PROVIDED RECORDS below:

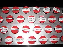 Cramer has a panel of oversized red buttons, which activate various sound effects and onscreen graphics,[18][19][20][21] including those related to bulls and bears.[1] The soundboard originated in the radio show Jim Cramer's Real Money, which preceded Mad Money.[22] The show also features heavy metal music at times.[23][24]
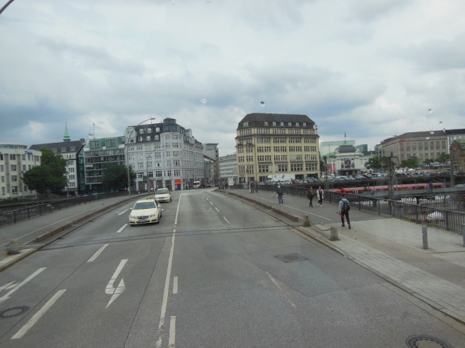 Die Radfahrer-Crew radelte u.a. um die Alster. Diese Strecke wurde auch während einer Stadtrundfahrt mit dem Doppeldeckerbus befahren.
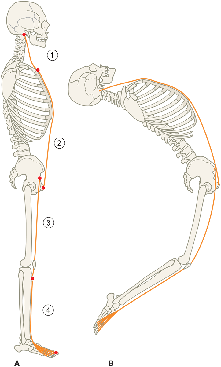 Мышцы, входящие в состав ПФЛ, создают тыльное сгибание в голеностопном суставе, разгибание в колене, сгибание туловища и тазобедренного сустава. В области шеи действие ПФЛ зависит от расположения тела в пространстве относительно действия силы тяжести: в положении лежа она сгибает шею и поднимает голову; в положении стоя ГКСм создает сгибание в нижнем шейном отделе и разгибание в верхнем шейном отделе (см. Обсуждение 4.2 ниже). В то же время ПФЛ удлиняется, обеспечивая полное выпрямление и разгибание туловища и сгибание коленей. Таким образом, для мобилизации ПФЛ можно использовать различного рода наклоны назад и растяжки передней части ног, например, выпады. Постуральное сгибание туловища, выдвинутая вперед голова или заблокированные колени являются признаками чрезмерного сокращения ПФЛ.
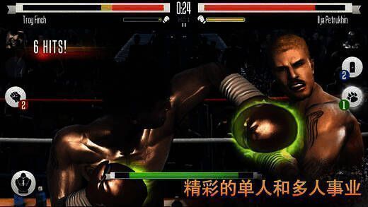 1、出色的画面与音效:由强大的Unreal引擎驱动画面,搭配逼真的动作捕捉动画和精准的声音设计,让玩家深度沉浸于紧张刺激的拳击世界。
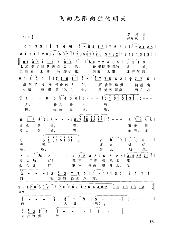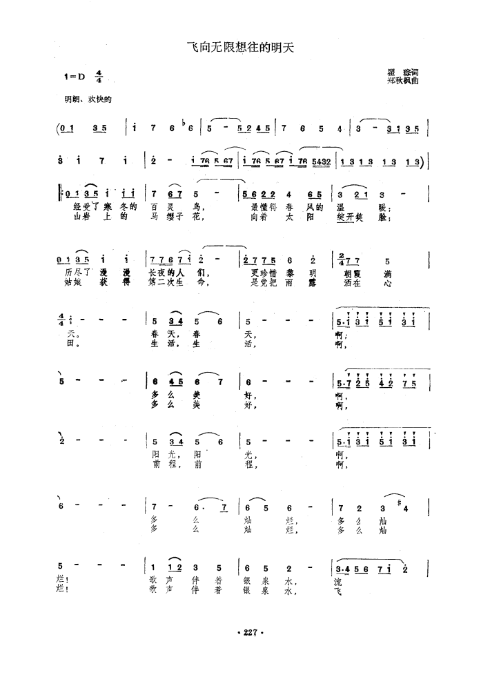 《飞向无限向往的明天(电影《海外赤子》插曲)》简谱 叶佩英
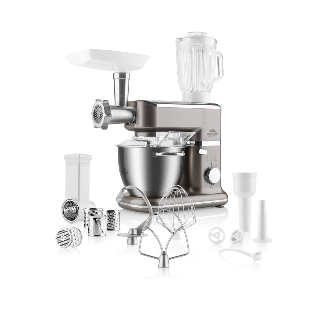 Multifunkční kuchyňský robot ETA Gratussino Bravo II a jeho výkonný 800 W motor se stabilizátorem šlehá, míchá i hněte těsto či pomazánky, nastrouhá zeleninu či ořechy, namele maso, naplní uzeniny, připraví masové kuličky Kebbe, umixuje smoothie nebo polévku a mnoho dalšího.
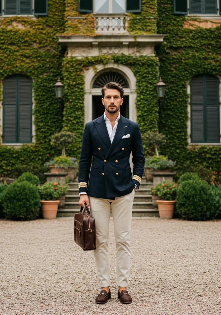 This look channels pure heritage charm. The double breasted navy blazer with gold buttons and cuff detailing feels commanding yet refined. Paired with a crisp white shirt, light trousers, brown loafers, and a structured leather briefcase, the outfit is the definition of old money confidence against the ivy covered mansion backdrop.
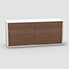 Armoire H. 71 x L. 165 x P. 43,2 cm - structure décor blanc neige - portes coulissantes mélamine décor noyer ambré avec accès face utilisateurs
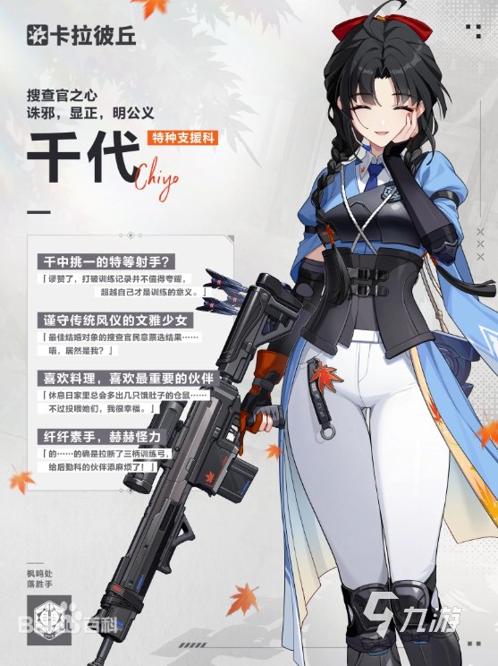 先了解下她的武器”楓鳴”,這是一把精確射手步槍,裝配的事全威力步槍彈,具有較強的戰(zhàn)斗型,能夠適應(yīng)全天候的戰(zhàn)斗,配備了1.5倍的瞄準(zhǔn)鏡,能在半自動設(shè)計模式與全自動設(shè)計模式之間切換。
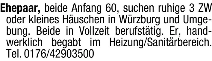 Ehepaar, beide Anfang 60, suchen ruhige 3 ZW oder kleines Häuschen in Würzburg und Umgebung. Beide in Vollzeit berufstätig. Er, handwerklich begabt im Heizung/Sanitärbereich. Tel. 0176/42903500

End of PROVIDED RECORDS.

EXERCISE DESCRIPTION
Print all the records exactly, minus any images.

TASK OUTPUT
 Cramer has a panel of oversized red buttons, which activate various sound effects and onscreen graphics,[18][19][20][21] including those related to bulls and bears.[1] The soundboard originated in the radio show Jim Cramer's Real Money, which preceded Mad Money.[22] The show also features heavy metal music at times.[23][24]
 Die Radfahrer-Crew radelte u.a. um die Alster. Diese Strecke wurde auch während einer Stadtrundfahrt mit dem Doppeldeckerbus befahren.
 Мышцы, входящие в состав ПФЛ, создают тыльное сгибание в голеностопном суставе, разгибание в колене, сгибание туловища и тазобедренного сустава. В области шеи действие ПФЛ зависит от расположения тела в пространстве относительно действия силы тяжести: в положении лежа она сгибает шею и поднимает голову; в положении стоя ГКСм создает сгибание в нижнем шейном отделе и разгибание в верхнем шейном отделе (см. Обсуждение 4.2 ниже). В то же время ПФЛ удлиняется, обеспечивая полное выпрямление и разгибание туловища и сгибание коленей. Таким образом, для мобилизации ПФЛ можно использовать различного рода наклоны назад и растяжки передней части ног, например, выпады. Постуральное сгибание туловища, выдвинутая вперед голова или заблокированные колени являются признаками чрезмерного сокращения ПФЛ.
 1、出色的画面与音效:由强大的Unreal引擎驱动画面,搭配逼真的动作捕捉动画和精准的声音设计,让玩家深度沉浸于紧张刺激的拳击世界。
 《飞向无限向往的明天(电影《海外赤子》插曲)》简谱 叶佩英
 Multifunkční kuchyňský robot ETA Gratussino Bravo II a jeho výkonný 800 W motor se stabilizátorem šlehá, míchá i hněte těsto či pomazánky, nastrouhá zeleninu či ořechy, namele maso, naplní uzeniny, připraví masové kuličky Kebbe, umixuje smoothie nebo polévku a mnoho dalšího.
 This look channels pure heritage charm. The double breasted navy blazer with gold buttons and cuff detailing feels commanding yet refined. Paired with a crisp white shirt, light trousers, brown loafers, and a structured leather briefcase, the outfit is the definition of old money confidence against the ivy covered mansion backdrop.
 Armoire H. 71 x L. 165 x P. 43,2 cm - structure décor blanc neige - portes coulissantes mélamine décor noyer ambré avec accès face utilisateurs
 先了解下她的武器”楓鳴”,這是一把精確射手步槍,裝配的事全威力步槍彈,具有較強的戰(zhàn)斗型,能夠適應(yīng)全天候的戰(zhàn)斗,配備了1.5倍的瞄準(zhǔn)鏡,能在半自動設(shè)計模式與全自動設(shè)計模式之間切換。
 Ehepaar, beide Anfang 60, suchen ruhige 3 ZW oder kleines Häuschen in Würzburg und Umgebung. Beide in Vollzeit berufstätig. Er, handwerklich begabt im Heizung/Sanitärbereich. Tel. 0176/42903500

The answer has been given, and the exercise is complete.